Directions for this task. The answer must consist only of the lines in the records below from the line with "A Liga para" to the line with "Giáo án Chủ", both included, copied word for word with every picture left out.

Dataset items
━━━━━━━━
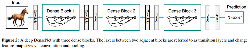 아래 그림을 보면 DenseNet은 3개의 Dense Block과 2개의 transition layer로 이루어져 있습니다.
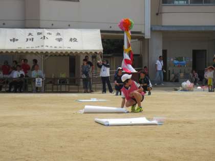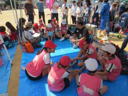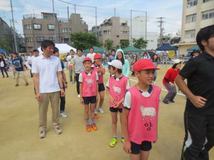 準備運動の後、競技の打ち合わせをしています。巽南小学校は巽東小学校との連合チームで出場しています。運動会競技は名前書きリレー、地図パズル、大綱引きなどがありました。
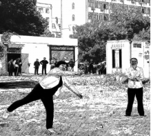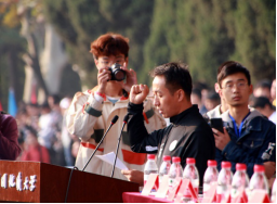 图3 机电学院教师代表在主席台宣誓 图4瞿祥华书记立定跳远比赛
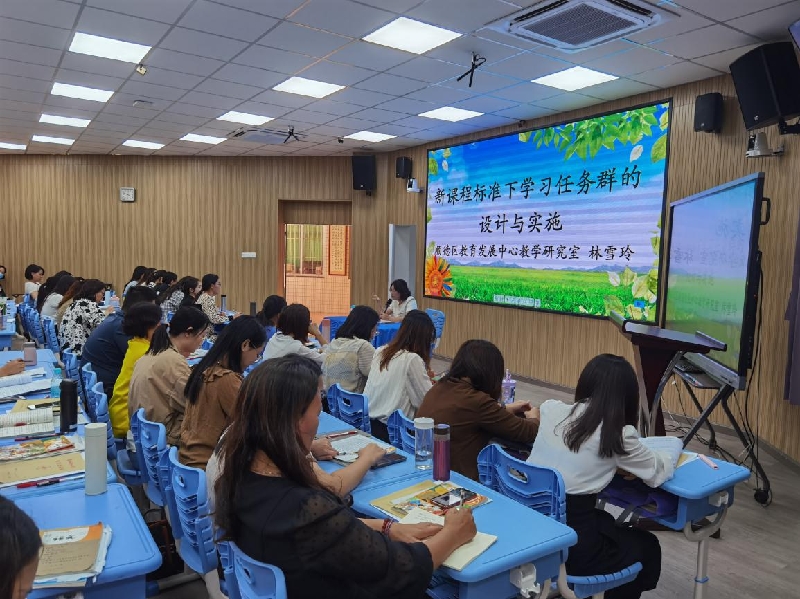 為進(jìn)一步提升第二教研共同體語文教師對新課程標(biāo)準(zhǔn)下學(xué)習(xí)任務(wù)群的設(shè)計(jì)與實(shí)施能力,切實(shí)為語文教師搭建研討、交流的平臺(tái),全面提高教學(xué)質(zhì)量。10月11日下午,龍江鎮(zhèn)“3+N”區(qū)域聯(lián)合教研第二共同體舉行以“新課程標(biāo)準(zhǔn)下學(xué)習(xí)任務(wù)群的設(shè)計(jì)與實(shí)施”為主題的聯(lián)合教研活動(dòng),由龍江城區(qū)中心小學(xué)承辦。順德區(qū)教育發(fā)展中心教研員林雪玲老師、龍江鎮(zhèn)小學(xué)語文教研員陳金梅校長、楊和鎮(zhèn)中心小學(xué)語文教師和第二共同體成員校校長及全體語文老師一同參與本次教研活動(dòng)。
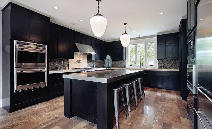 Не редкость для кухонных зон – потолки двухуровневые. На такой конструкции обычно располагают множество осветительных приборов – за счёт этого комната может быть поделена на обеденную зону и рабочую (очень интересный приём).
━━━━━━━━
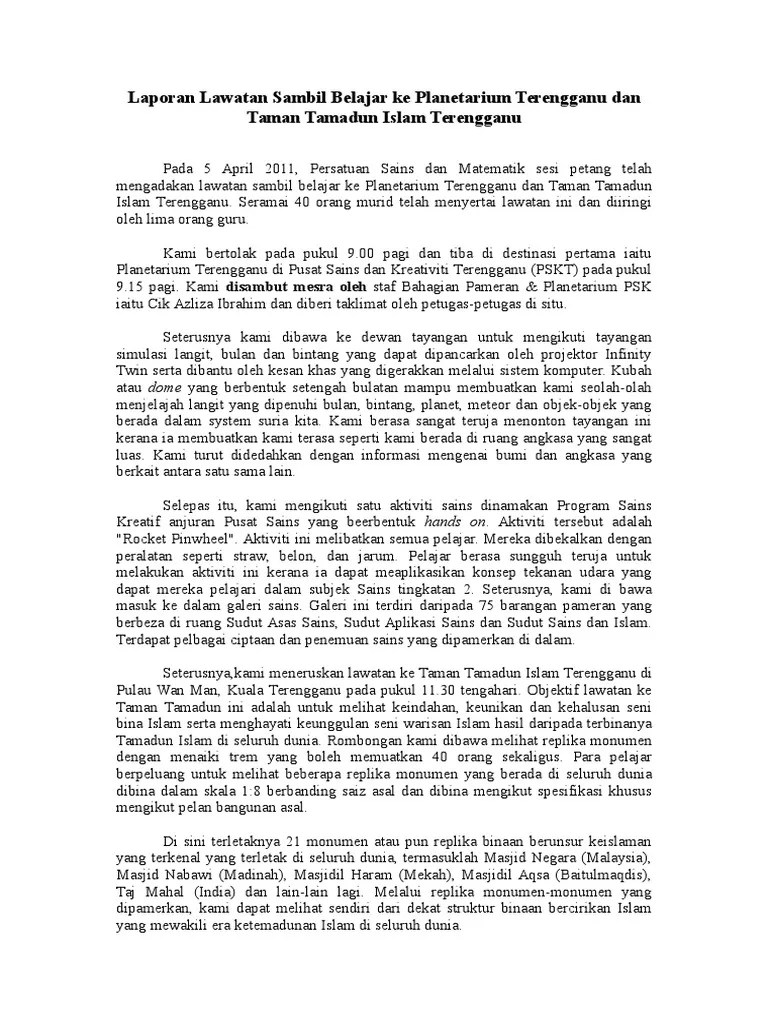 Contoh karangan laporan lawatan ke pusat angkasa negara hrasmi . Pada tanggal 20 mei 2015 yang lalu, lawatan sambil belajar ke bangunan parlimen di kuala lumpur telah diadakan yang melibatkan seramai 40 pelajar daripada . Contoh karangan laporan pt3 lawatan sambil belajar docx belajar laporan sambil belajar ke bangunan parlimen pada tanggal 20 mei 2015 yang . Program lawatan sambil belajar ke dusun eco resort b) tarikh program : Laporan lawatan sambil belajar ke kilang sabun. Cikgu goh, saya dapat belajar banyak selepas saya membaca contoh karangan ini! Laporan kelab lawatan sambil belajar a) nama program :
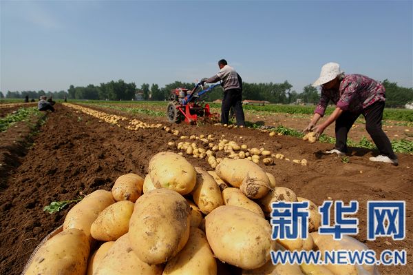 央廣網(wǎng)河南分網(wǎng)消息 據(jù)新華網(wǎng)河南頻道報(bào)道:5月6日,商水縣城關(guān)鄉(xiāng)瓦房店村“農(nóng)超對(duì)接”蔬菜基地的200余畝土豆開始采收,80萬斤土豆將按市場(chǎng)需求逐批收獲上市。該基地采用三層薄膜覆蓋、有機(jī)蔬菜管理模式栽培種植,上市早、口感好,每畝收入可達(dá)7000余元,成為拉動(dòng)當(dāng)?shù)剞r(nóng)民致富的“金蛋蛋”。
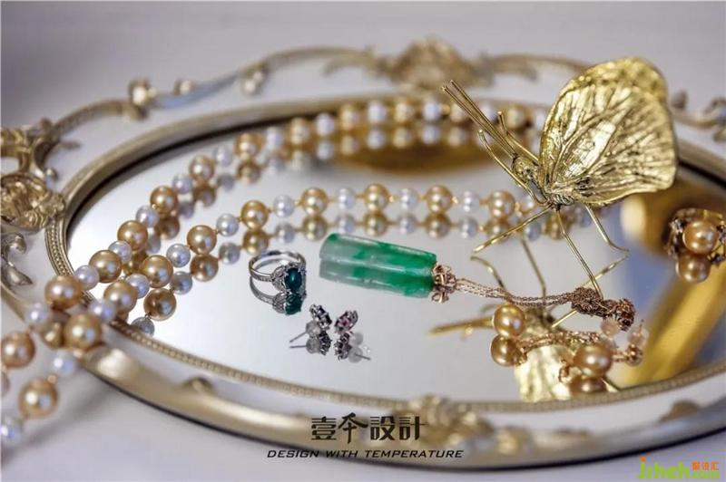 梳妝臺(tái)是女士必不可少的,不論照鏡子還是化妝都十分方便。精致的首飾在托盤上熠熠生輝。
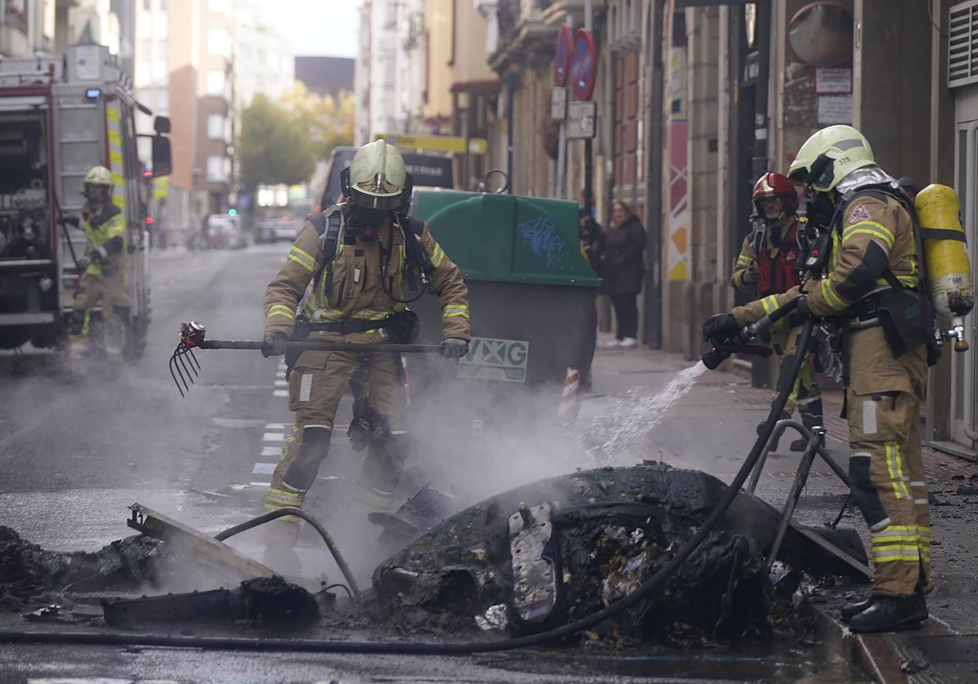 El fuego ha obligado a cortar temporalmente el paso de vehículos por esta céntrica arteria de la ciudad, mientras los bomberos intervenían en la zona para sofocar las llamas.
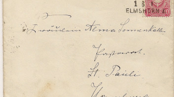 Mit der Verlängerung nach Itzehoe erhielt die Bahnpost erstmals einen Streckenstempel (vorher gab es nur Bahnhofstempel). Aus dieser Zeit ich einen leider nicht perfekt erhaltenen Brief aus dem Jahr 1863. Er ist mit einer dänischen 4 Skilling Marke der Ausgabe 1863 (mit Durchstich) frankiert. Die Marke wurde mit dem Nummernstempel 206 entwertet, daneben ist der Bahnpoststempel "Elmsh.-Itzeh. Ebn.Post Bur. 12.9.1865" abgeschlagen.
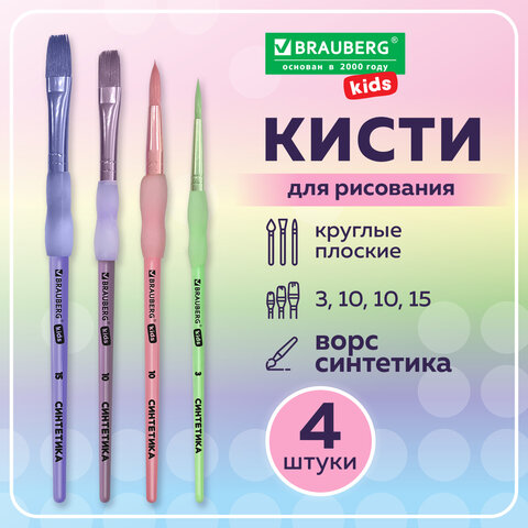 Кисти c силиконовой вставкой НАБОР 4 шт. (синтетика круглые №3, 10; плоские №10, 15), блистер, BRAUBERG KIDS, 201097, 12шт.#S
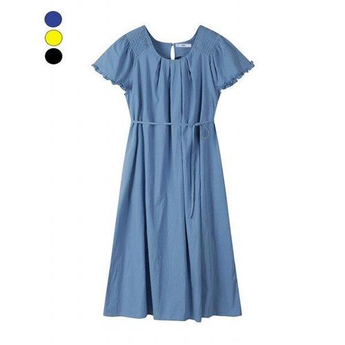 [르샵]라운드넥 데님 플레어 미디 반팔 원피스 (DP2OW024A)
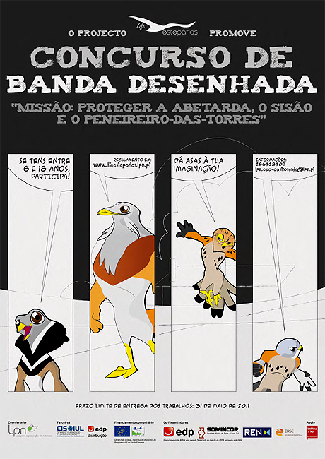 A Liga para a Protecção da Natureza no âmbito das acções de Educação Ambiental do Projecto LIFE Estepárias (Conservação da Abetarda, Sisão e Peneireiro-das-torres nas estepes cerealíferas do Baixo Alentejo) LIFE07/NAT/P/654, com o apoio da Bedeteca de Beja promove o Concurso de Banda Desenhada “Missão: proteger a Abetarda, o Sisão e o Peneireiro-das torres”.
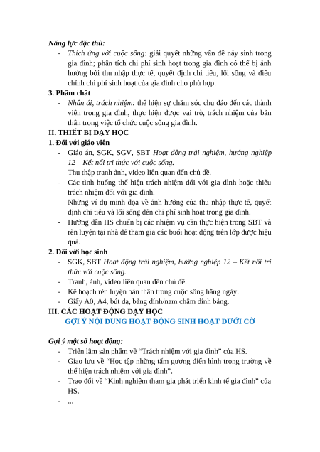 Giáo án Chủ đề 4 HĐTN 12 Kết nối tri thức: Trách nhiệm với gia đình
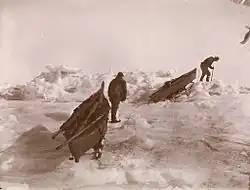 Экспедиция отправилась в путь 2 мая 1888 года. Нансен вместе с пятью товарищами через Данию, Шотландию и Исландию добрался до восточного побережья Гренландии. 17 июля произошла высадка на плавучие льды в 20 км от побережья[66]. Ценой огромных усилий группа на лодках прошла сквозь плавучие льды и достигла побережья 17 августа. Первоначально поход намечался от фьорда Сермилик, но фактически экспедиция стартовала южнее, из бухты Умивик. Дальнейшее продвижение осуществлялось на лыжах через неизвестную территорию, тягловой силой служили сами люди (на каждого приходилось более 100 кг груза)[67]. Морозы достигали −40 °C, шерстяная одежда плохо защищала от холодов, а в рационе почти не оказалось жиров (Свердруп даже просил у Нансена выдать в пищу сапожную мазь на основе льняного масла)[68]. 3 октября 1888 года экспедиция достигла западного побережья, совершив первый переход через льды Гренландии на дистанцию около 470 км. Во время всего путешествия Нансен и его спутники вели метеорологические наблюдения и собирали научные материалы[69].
━━━━━━━━
Task result.
 A Liga para a Protecção da Natureza no âmbito das acções de Educação Ambiental do Projecto LIFE Estepárias (Conservação da Abetarda, Sisão e Peneireiro-das-torres nas estepes cerealíferas do Baixo Alentejo) LIFE07/NAT/P/654, com o apoio da Bedeteca de Beja promove o Concurso de Banda Desenhada “Missão: proteger a Abetarda, o Sisão e o Peneireiro-das torres”.
 Giáo án Chủ đề 4 HĐTN 12 Kết nối tri thức: Trách nhiệm với gia đình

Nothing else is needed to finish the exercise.